*Stored data*
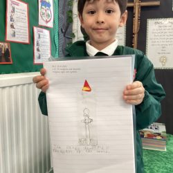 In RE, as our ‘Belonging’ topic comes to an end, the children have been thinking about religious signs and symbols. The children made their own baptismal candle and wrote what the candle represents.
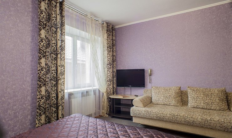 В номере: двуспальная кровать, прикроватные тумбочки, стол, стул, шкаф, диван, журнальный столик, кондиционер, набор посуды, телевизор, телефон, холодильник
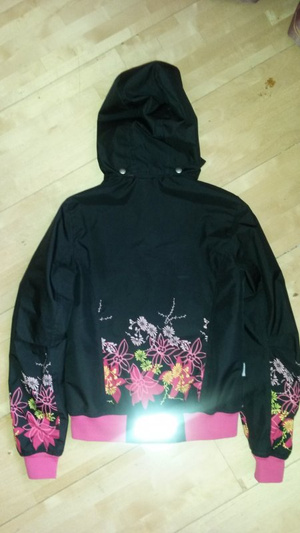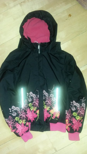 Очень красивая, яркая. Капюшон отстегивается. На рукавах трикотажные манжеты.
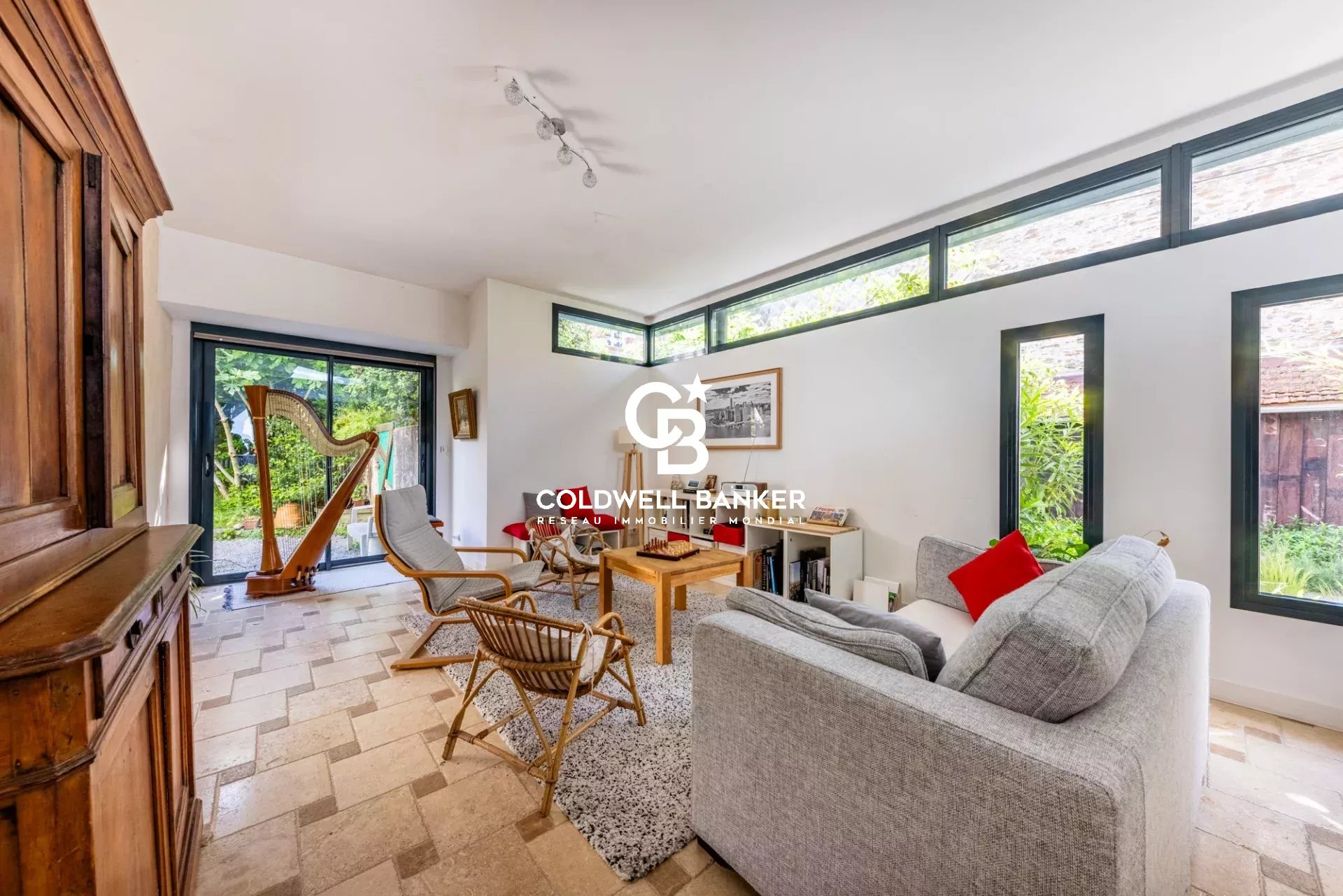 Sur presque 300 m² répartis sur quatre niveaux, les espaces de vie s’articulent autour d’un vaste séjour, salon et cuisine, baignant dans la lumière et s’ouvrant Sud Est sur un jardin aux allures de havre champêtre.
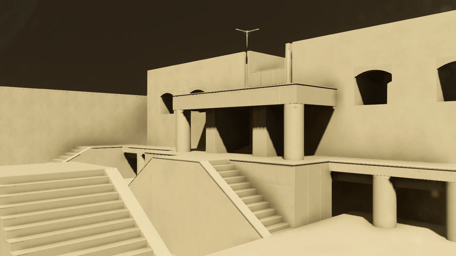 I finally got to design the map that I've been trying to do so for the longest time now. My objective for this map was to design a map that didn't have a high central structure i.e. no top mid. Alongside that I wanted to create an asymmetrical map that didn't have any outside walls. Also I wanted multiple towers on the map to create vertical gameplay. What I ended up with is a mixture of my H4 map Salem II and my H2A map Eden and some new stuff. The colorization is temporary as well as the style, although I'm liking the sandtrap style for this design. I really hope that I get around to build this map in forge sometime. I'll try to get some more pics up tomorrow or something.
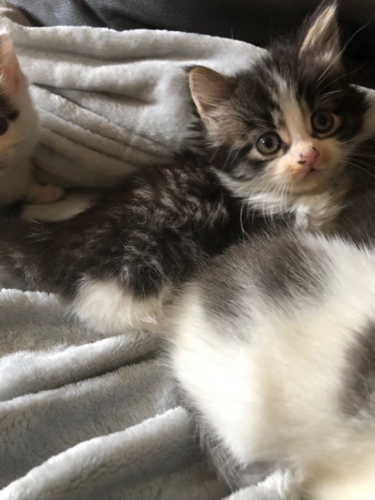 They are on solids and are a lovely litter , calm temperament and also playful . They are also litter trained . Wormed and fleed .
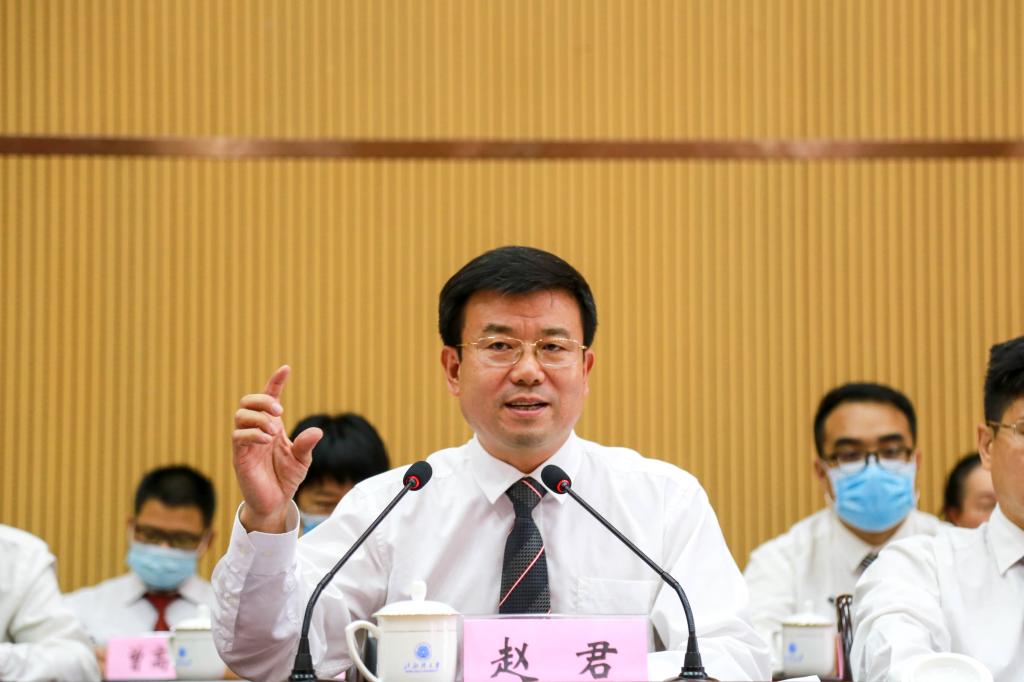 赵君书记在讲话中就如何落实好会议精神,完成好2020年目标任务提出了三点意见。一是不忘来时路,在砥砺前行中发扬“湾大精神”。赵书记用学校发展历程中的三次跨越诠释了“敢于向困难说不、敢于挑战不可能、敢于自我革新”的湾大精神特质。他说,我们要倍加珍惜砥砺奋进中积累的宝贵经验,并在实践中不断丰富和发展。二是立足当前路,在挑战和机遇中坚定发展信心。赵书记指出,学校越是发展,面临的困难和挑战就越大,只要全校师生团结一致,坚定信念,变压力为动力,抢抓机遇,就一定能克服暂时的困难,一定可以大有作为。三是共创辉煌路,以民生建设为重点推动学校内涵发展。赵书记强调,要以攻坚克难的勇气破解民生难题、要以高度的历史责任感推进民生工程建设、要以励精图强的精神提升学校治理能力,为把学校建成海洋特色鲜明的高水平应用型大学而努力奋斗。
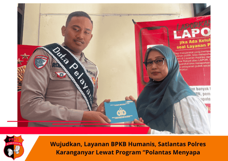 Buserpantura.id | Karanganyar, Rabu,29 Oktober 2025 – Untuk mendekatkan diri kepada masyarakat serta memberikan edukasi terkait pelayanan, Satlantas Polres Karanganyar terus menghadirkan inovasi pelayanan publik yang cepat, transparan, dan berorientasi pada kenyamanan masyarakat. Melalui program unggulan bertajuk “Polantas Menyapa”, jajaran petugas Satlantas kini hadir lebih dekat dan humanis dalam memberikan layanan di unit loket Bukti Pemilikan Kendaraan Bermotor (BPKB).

*Task requirements*
Exact copy, no pictures. Write out the lines in the entries above, starting with the line with "В номере: двуспальная" and going on through the line with "I finally got", keeping both.

*Solution to the exercise*
 В номере: двуспальная кровать, прикроватные тумбочки, стол, стул, шкаф, диван, журнальный столик, кондиционер, набор посуды, телевизор, телефон, холодильник
 Очень красивая, яркая. Капюшон отстегивается. На рукавах трикотажные манжеты.
 Sur presque 300 m² répartis sur quatre niveaux, les espaces de vie s’articulent autour d’un vaste séjour, salon et cuisine, baignant dans la lumière et s’ouvrant Sud Est sur un jardin aux allures de havre champêtre.
 I finally got to design the map that I've been trying to do so for the longest time now. My objective for this map was to design a map that didn't have a high central structure i.e. no top mid. Alongside that I wanted to create an asymmetrical map that didn't have any outside walls. Also I wanted multiple towers on the map to create vertical gameplay. What I ended up with is a mixture of my H4 map Salem II and my H2A map Eden and some new stuff. The colorization is temporary as well as the style, although I'm liking the sandtrap style for this design. I really hope that I get around to build this map in forge sometime. I'll try to get some more pics up tomorrow or something.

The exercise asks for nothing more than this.